=== Problem description ===
Instruction for the data below: set down exactly the lines from the line with "REPUBLIKA.CO.ID, YOGYAKARTA -- Pengunjung" to the line with "April sales were", inclusive, and no others.

=== Supplied information ===

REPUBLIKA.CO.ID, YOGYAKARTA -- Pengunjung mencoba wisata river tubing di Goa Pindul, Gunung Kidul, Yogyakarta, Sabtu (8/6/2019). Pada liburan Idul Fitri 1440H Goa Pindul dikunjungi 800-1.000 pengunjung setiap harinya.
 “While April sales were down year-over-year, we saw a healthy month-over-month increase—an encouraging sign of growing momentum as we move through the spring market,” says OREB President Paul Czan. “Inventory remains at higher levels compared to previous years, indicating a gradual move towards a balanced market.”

---

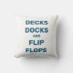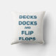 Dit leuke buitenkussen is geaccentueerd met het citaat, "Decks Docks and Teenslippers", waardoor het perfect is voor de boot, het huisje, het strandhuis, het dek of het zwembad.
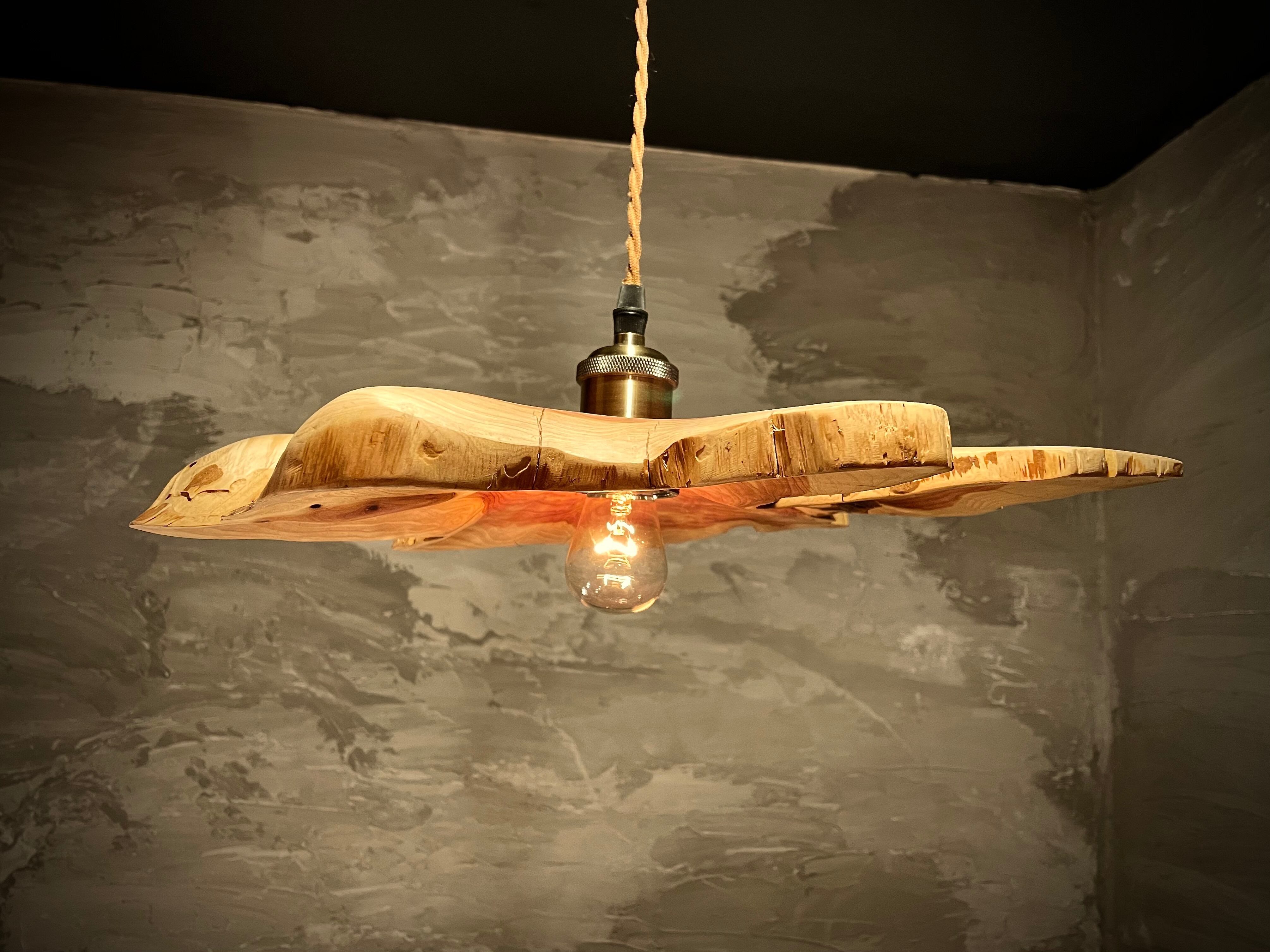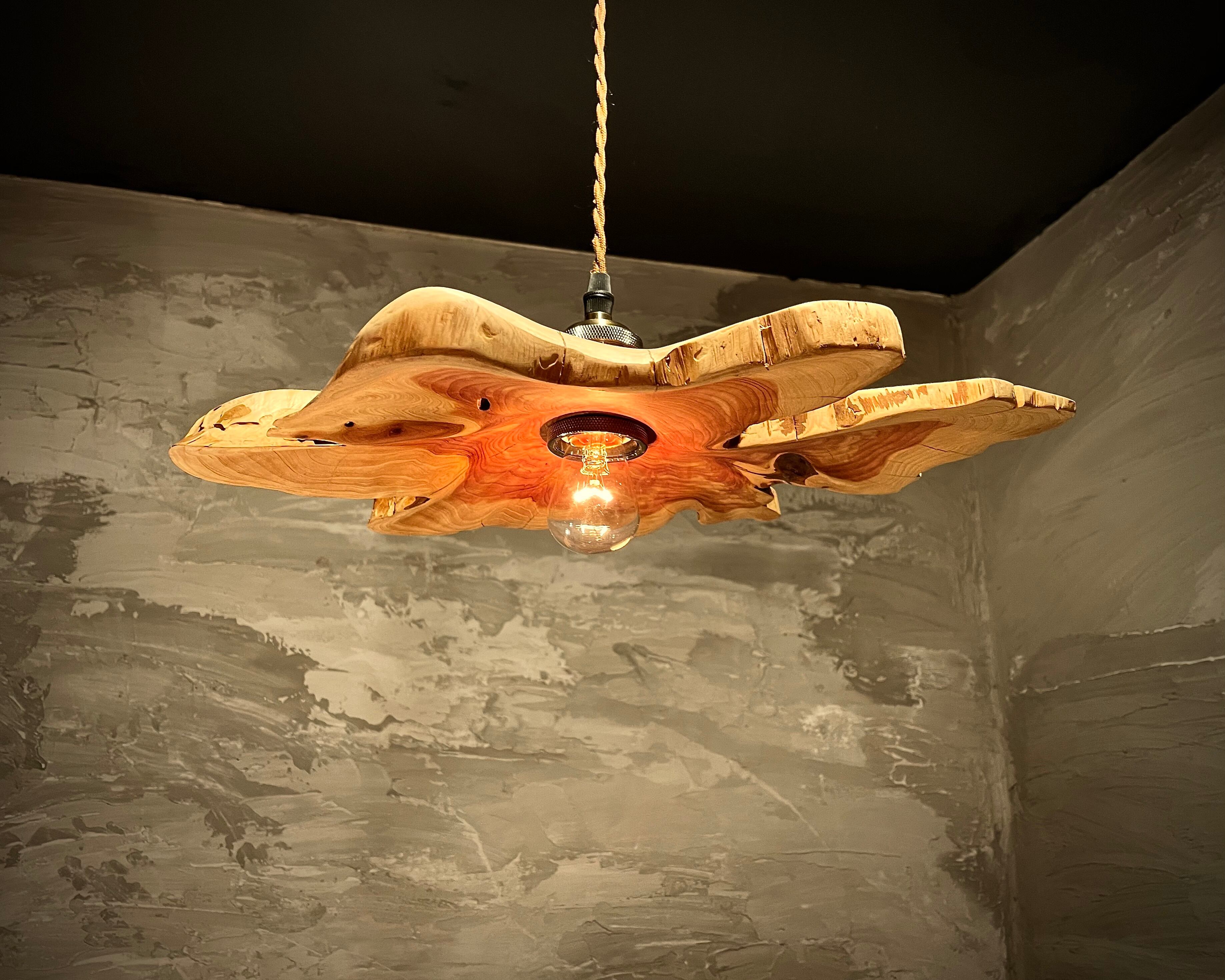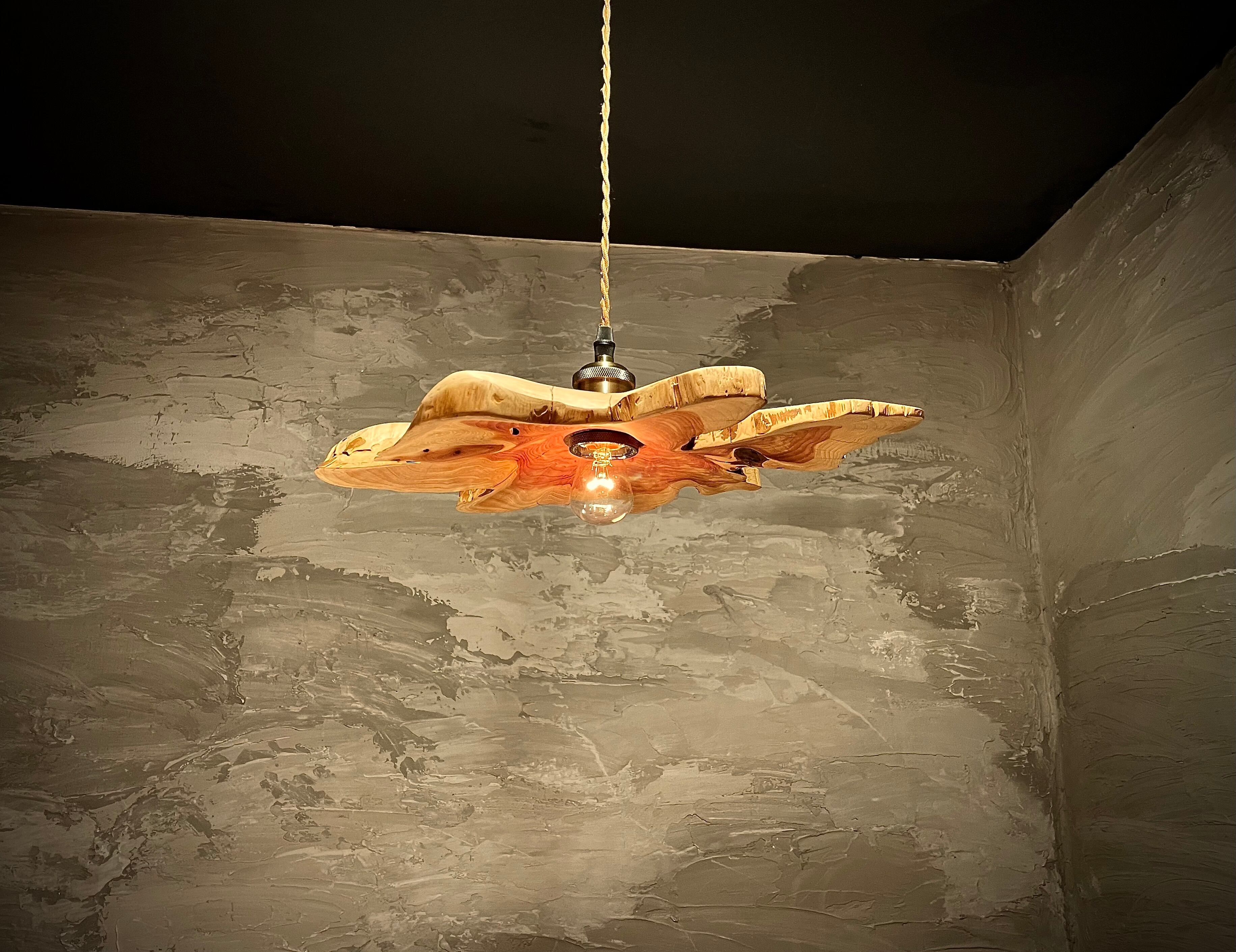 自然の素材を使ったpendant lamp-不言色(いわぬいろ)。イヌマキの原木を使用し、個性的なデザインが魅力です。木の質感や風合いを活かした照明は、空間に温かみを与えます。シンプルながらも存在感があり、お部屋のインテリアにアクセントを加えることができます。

--

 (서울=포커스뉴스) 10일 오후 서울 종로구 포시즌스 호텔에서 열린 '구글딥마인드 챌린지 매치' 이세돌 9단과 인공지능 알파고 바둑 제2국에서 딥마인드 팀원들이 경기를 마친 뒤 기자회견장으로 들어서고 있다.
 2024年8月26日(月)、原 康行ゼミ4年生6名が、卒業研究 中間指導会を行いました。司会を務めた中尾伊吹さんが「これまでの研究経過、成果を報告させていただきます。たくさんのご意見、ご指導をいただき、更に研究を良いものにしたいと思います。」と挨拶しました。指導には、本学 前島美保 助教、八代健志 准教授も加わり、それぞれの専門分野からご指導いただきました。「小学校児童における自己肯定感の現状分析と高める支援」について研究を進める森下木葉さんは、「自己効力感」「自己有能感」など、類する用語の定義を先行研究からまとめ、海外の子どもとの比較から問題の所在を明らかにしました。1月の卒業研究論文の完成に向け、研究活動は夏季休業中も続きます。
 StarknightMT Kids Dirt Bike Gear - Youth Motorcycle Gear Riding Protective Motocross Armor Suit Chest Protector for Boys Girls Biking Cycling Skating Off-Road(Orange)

=== Finished exercise ===
REPUBLIKA.CO.ID, YOGYAKARTA -- Pengunjung mencoba wisata river tubing di Goa Pindul, Gunung Kidul, Yogyakarta, Sabtu (8/6/2019). Pada liburan Idul Fitri 1440H Goa Pindul dikunjungi 800-1.000 pengunjung setiap harinya.
 “While April sales were down year-over-year, we saw a healthy month-over-month increase—an encouraging sign of growing momentum as we move through the spring market,” says OREB President Paul Czan. “Inventory remains at higher levels compared to previous years, indicating a gradual move towards a balanced market.”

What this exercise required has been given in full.